## TASK BRIEF
Output all of the data exactly as it appears, but leave out any pictures it contains.

PROVIDED DATA: Begin

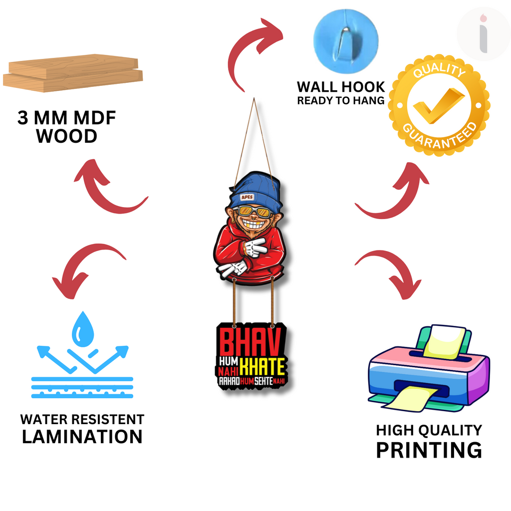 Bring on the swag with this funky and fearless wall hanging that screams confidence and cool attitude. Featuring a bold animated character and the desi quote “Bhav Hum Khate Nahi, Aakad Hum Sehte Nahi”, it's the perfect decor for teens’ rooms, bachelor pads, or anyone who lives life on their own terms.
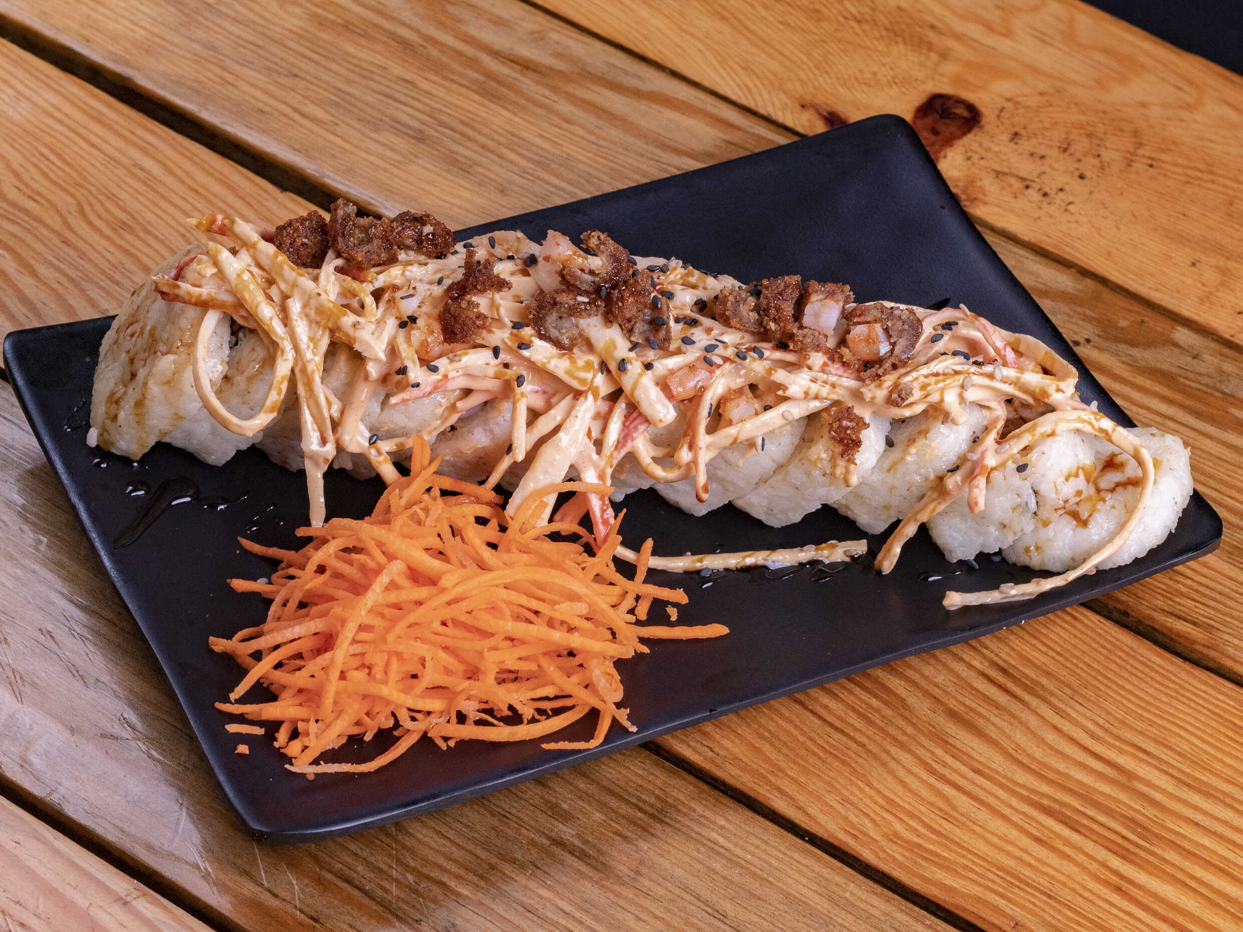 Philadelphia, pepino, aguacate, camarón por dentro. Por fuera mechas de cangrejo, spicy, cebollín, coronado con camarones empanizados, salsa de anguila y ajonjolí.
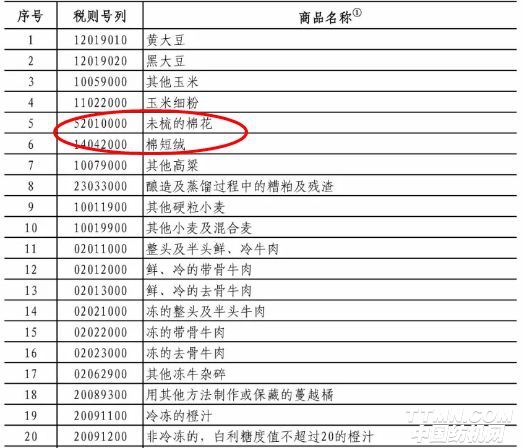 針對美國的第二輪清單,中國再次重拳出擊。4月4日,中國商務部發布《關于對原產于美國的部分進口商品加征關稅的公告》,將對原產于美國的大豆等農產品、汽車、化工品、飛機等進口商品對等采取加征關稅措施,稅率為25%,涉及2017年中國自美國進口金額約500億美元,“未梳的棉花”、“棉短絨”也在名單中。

PROVIDED DATA: End

## RESULT OF THIS EXERCISE
 Bring on the swag with this funky and fearless wall hanging that screams confidence and cool attitude. Featuring a bold animated character and the desi quote “Bhav Hum Khate Nahi, Aakad Hum Sehte Nahi”, it's the perfect decor for teens’ rooms, bachelor pads, or anyone who lives life on their own terms.
 Philadelphia, pepino, aguacate, camarón por dentro. Por fuera mechas de cangrejo, spicy, cebollín, coronado con camarones empanizados, salsa de anguila y ajonjolí.
 針對美國的第二輪清單,中國再次重拳出擊。4月4日,中國商務部發布《關于對原產于美國的部分進口商品加征關稅的公告》,將對原產于美國的大豆等農產品、汽車、化工品、飛機等進口商品對等采取加征關稅措施,稅率為25%,涉及2017年中國自美國進口金額約500億美元,“未梳的棉花”、“棉短絨”也在名單中。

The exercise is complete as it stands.